I blew out any dust (very little) and made sure everything is seated properly. Electrical outlet is fine. Still have the same problem. When I push the power button the fans start up but it never boots.


----------



## joeten (Dec 4, 2008)

Hi I think you may have a problem with either the power supply or motherboard please see the manual pages 28 & 29 http://support.dell.com/support/edocs/systems/insp560mt/en/sg/sg_en.pdf


----------



## Carjam (Jan 14, 2013)

THank you. I looked at the manual but none of the situations is the same. The power light blinks just once quickly (amber) then goes black. The fans are running but nothing else starts. Memory cards have been reseated and battery was removed and reinserted. Still have the same exact problem.


----------



## joeten (Dec 4, 2008)

Hi which is why I have said the power supply or motherboard are suspect the power supply is a small 300w unit do you know which graphics option is installed the intel hd on board or the nvidia


----------



## Tyree (May 10, 2009)

The Power light staying Amber indicates a PSU problem and I'm suspecting, as joeten, that may also be your problem. 
Try disconnecting the power cord from the PSU, leave it disconnected for 5 min., reconnect and see if it will boot.
Do you have or can you borrow a known good PSU to try?


----------



## Carjam (Jan 14, 2013)

the power light does not stay amber!
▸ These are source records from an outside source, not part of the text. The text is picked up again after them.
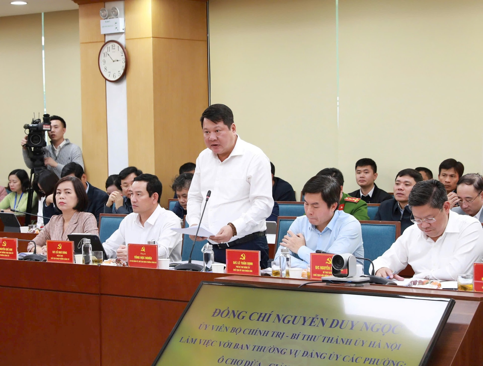 Sau khi nghe các ý kiến phát biểu của các đồng chí lãnh đạo thành phố, các sở, ngành và 3 phường, phát biểu kết luận cuộc làm việc, Bí thư Thành ủy Hà Nội Nguyễn Duy Ngọc đánh giá cao những kết quả về công tác xây dựng Đảng, phát triển kinh tế - xã hội, đảm bảo quốc phòng, an ninh các phường đạt được trong thời gian qua.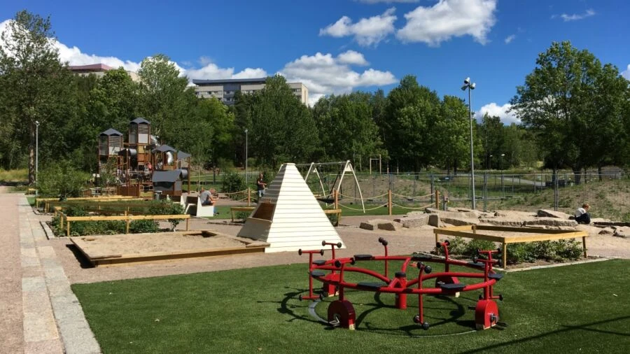 Lekplatsen har Uppsalas största klätterställning, den längsta studsmattan och det bästa sand- och geggamojalandet.
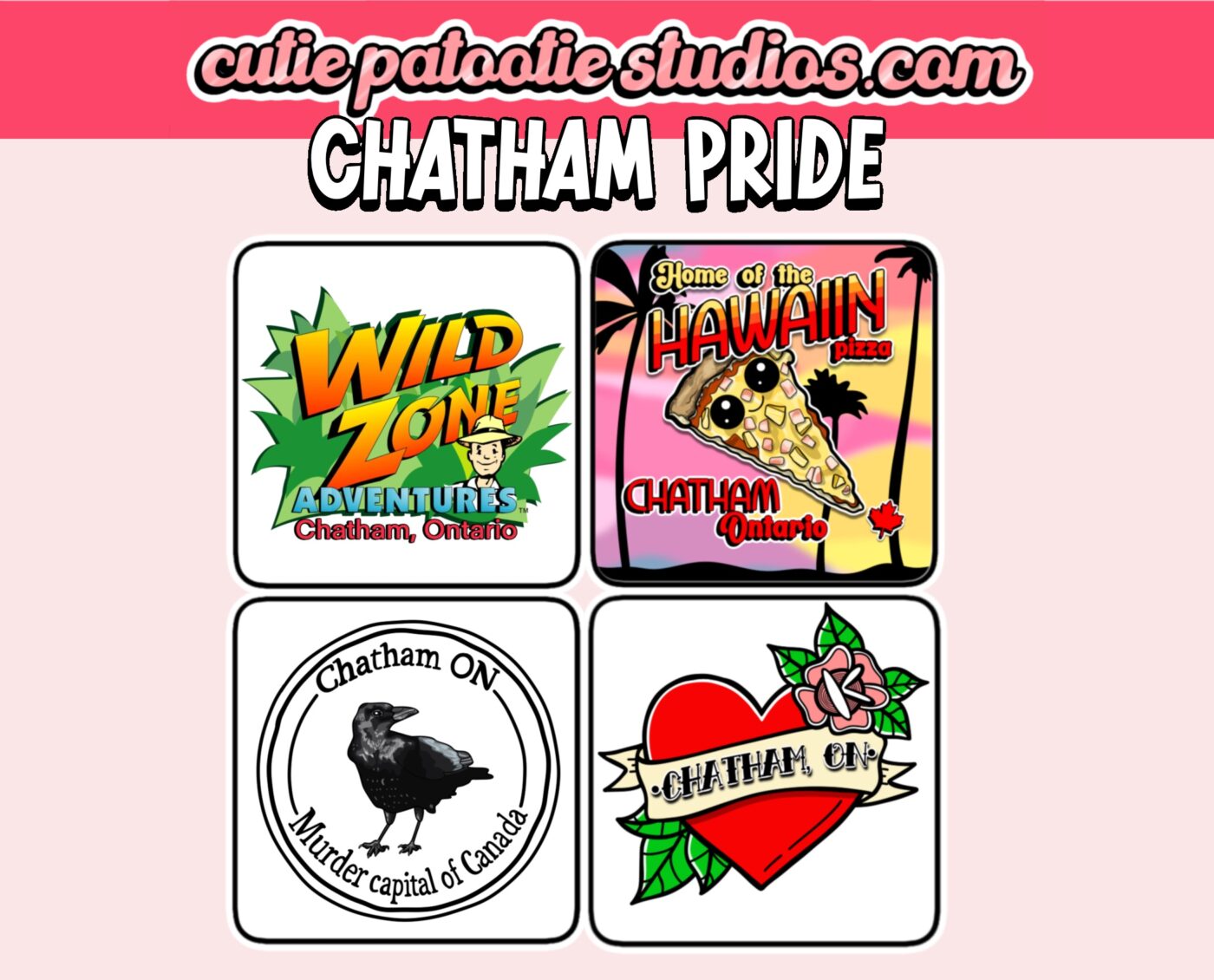Chatham merch? You betcha! Show your pride for Chatham with a magnet, featuring four designs that celebrate the things that make our city unique… and murderous!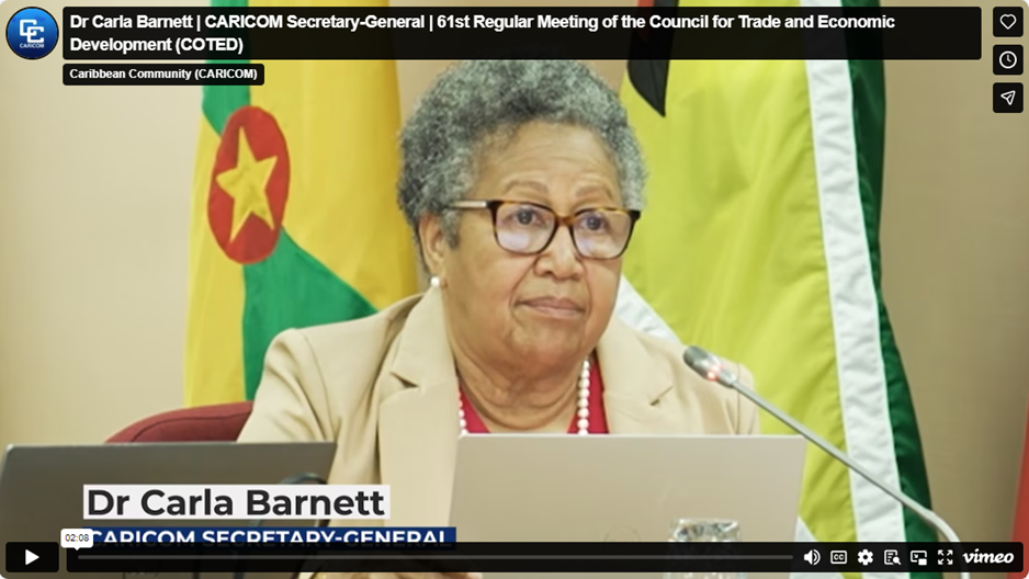 The Caribbean Community (CARICOM) Secretary-General, Dr Carla Barnett, yesterday addressed the 61st Regular Meeting of the Council for Trade and Economic Development (COTED), underscoring the Community’s solidarity with Member States severely impacted by Hurricane Melissa and reaffirming the Council’s critical role in advancing regional trade and economic resilience as the Region continues to experience climate-related shocks.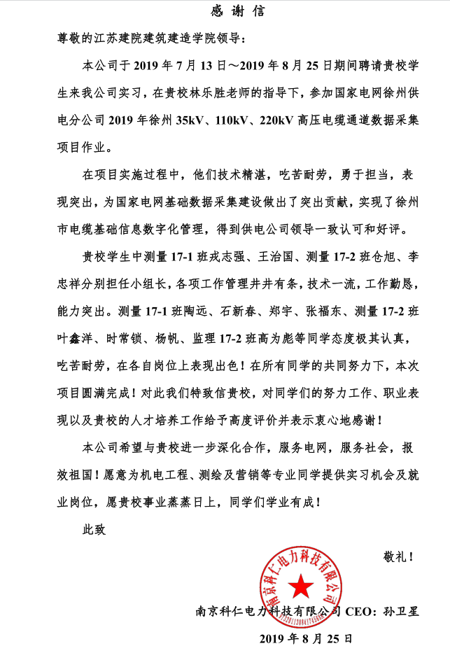8月25日,建筑建造学院收到南京科仁电力科技有限公司CEO孙卫星的感谢信,孙卫星对我校在该公司实习学生的专业技术水平、吃苦耐劳、勇于担当的敬业精神,突出的职业表现给予了高度评价,对我校高质量的人才培养、为企业输送优秀人才表示衷心地感谢。孙卫星还表示,公司将进一步深化与我校的校企合作,为我校学生提供更多的实习机会及就业岗位。

It quickly flashes amber then immediately goes black.


----------



## oscer1 (Jan 27, 2010)

do you have or can you barrow a know good power supply to test with or perhaps go to best buy or similar store and buy one if still no go can return it.


----------



## Tyree (May 10, 2009)

Carjam said:


> the power light does not stay amber! It quickly flashes amber then immediately goes black.


Understood.



Tyree said:


> Try disconnecting the power cord from the PSU, leave it disconnected for 5 min., reconnect and see if it will boot.
> Do you have or can you borrow a known good PSU to try?


----------



## Carjam (Jan 14, 2013)

I've tried disconnecting/reconnecting - nothing. I don't have a PSU I can borrow. Sorry - guess I'm out of luck.


----------